In the present ease the full amount of the ultimate indebtedness was definitely fixed by the mortgage deed, which had been recorded, and, if only a part had been advanced at the time of the attachment, the plaintiff had constructive notice of the contract, the performance of which had not been interrupted. The continuance of the work of construction was not in any sense an attempt to tack on a new debt since contracted, but was the carrying out of the contract according to its terms. The mortgage still remained a valid incumbrance, to which for the full amount the plaintiff’s title is subordinate. Bassett v. Daniels, 136 Mass. 547. Tillinghast v. North End Savings Bank, 178 Mass. 458. Robinson v. Williams, 22 N. Y. 380. Witczinski v. Everman, 51 Miss. 841, 845. Nelson v. Iowa Eastern Railroad, 8 Am. Ry. Rep. 82. Galveston, Houston, Henderson Railroad v.

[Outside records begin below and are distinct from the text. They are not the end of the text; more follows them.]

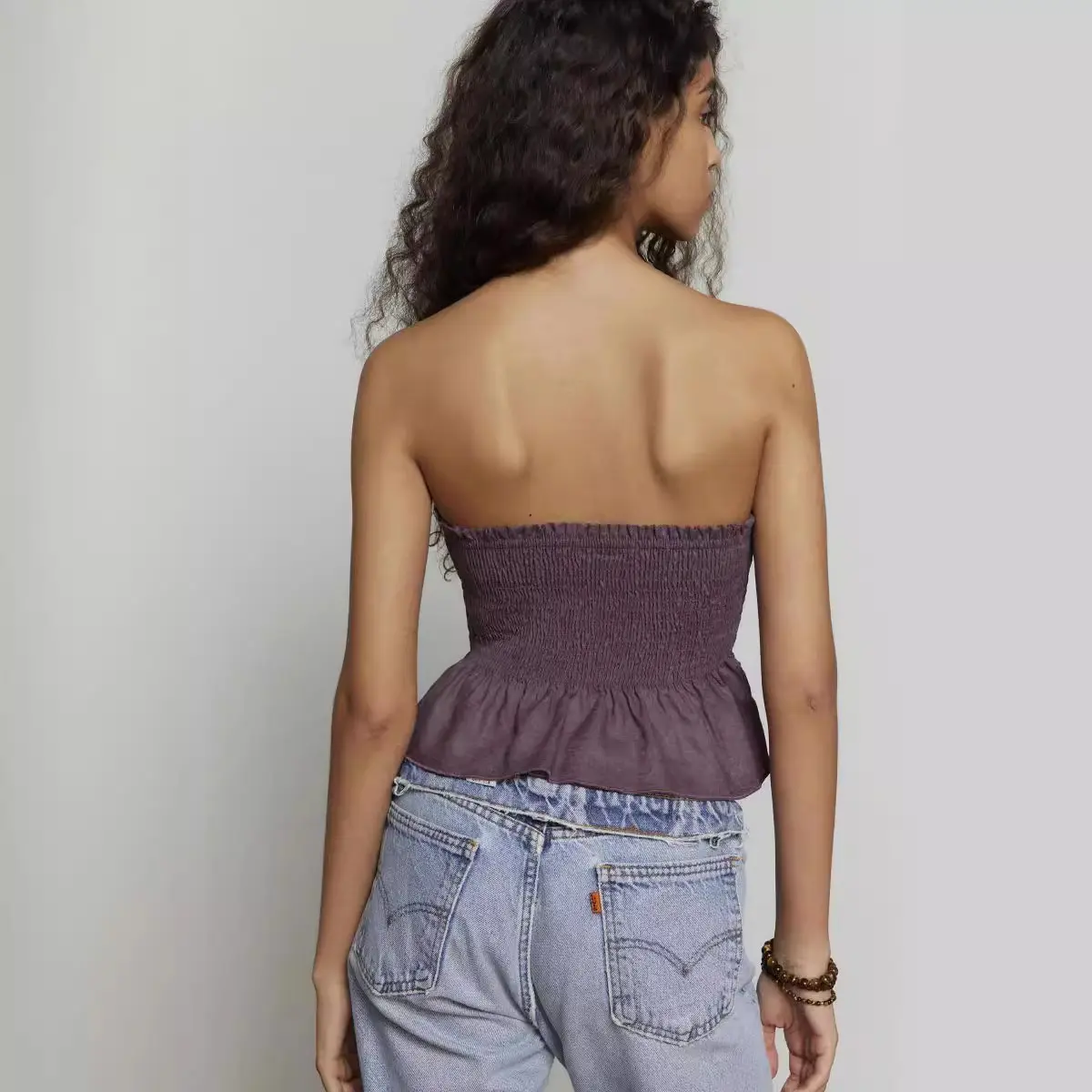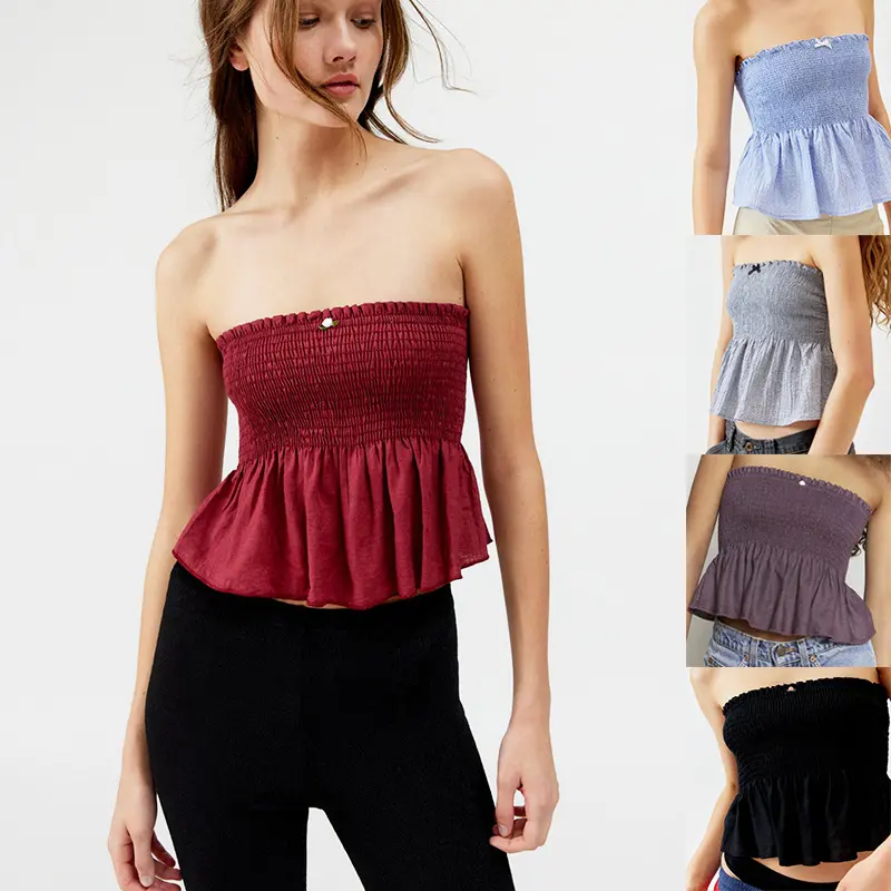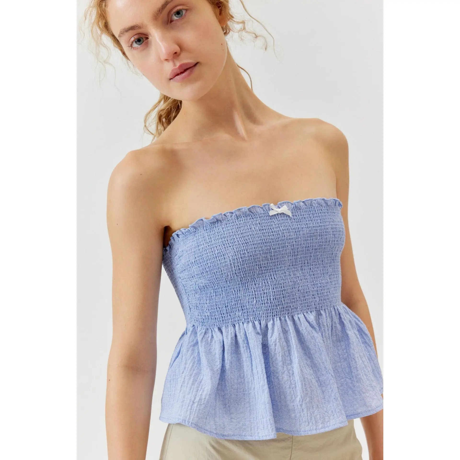 GGFL Women's Blue & White Stripe Smocked Tube Top, Strapless Ruffle Hem Peplum Crop Top for Summer.Elegant Light Blue Stripe Smocked Strapless Top, Shirred Ruffle Hem Peplum Crop Top for Daily Wear
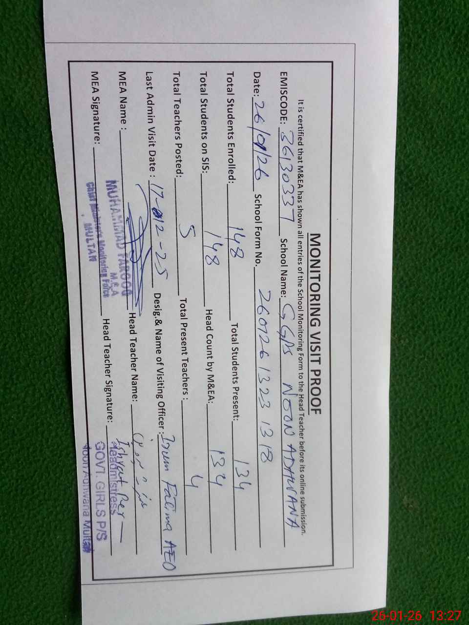 | Attendance Register | Head Teacher | MEA with School | Visit Proof |
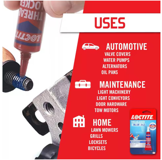 Loctite Blue 242 Threadlocker Removable Medium Strength Nut Bolt Glue
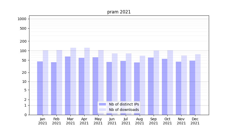 Number of downloads for software package pram, year by year, from 2025 back to 2014 (years with no downloads are omitted):
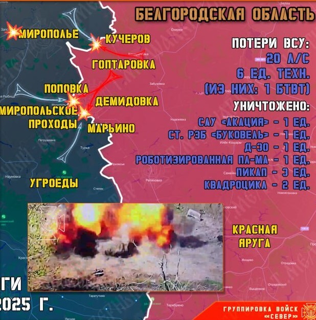 Группировка войск «Север» отразили все атаки, не допустив пересечения государственной границы. Живая сила противника была уничтожена. В районе Гоптаровки российские бойцы с помощью дронов ликвидировали штурмовую группу, состоящую из бывших заключенных 225 отдельного штурмового полка ВСУ.
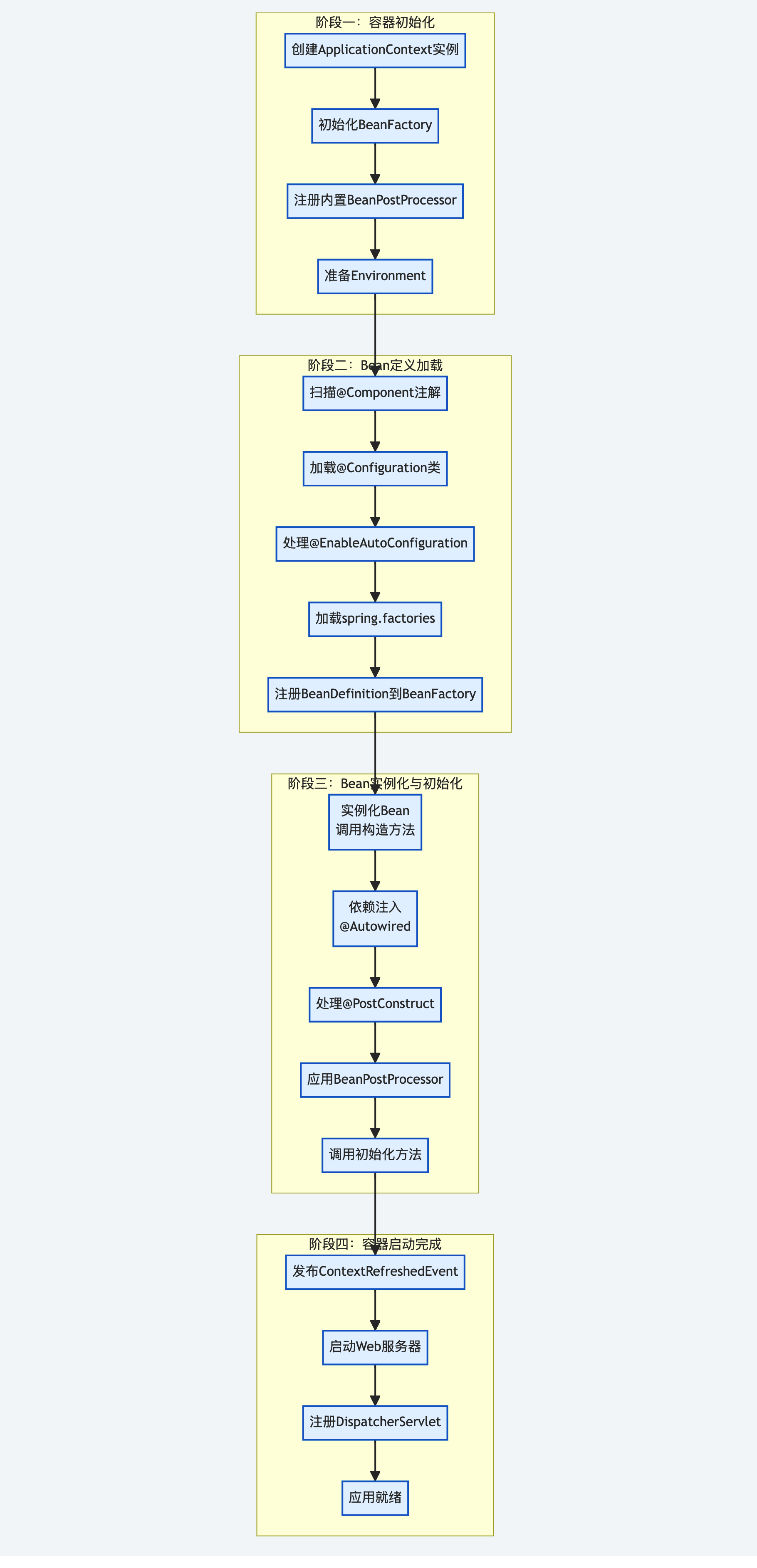 @SpringBootApplication注解开始,经历容器初始化、Bean定义加载、Bean实例化与初始化、容器启动完成四个阶段 -
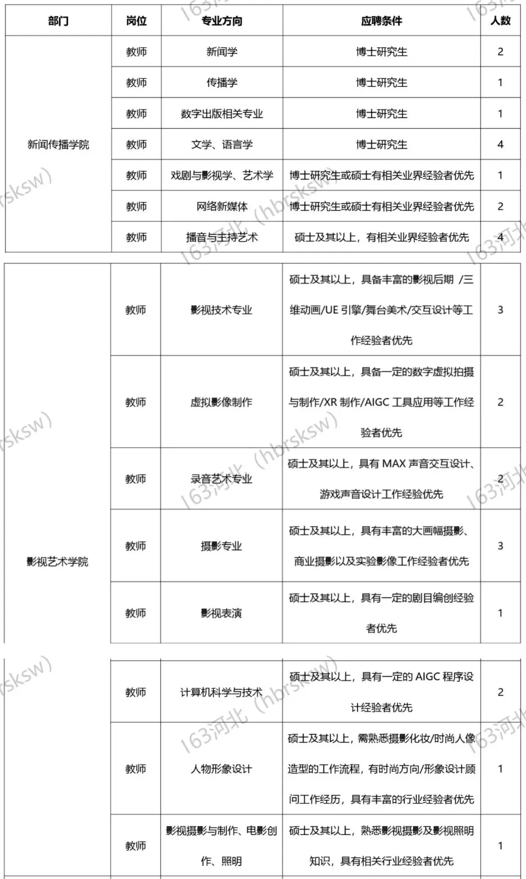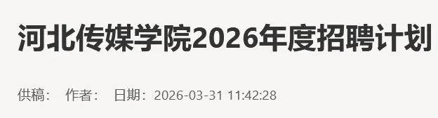 河北传媒学院2026年度招聘145人计划

Cowdery, 11 Wall. 459. It appears that when the mortgage was assigned the taxes which the mortgagor covenanted to pay were in arrears, and, they having remained unpaid, the plaintiff contends that the defendant cannot foreclose for this breach. But the unrestricted right of foreclosure continued, and could be exercised as well after as before the assignment. The power to sell for a covenant broken was not controllable at the will of the mortgagor, or by his successor in title, but, being irrevocable, could be suspended or waived only by the consent of the mortgagee, or by the defendant to whom his rights had passed.
The'result is, that the plaintiff is entitled to redeem on payment of the amount of the mortgage, and costs of foreclosure.

Decree accordingly.

 The provision of this section referred to in the plaintiff’s brief was that “ A loan on mortgage shall not be made except upon the report of not less than two members of the board of investment, who shall certify ” as there required. The requirements of § 29 as to applications for loans also were referred to.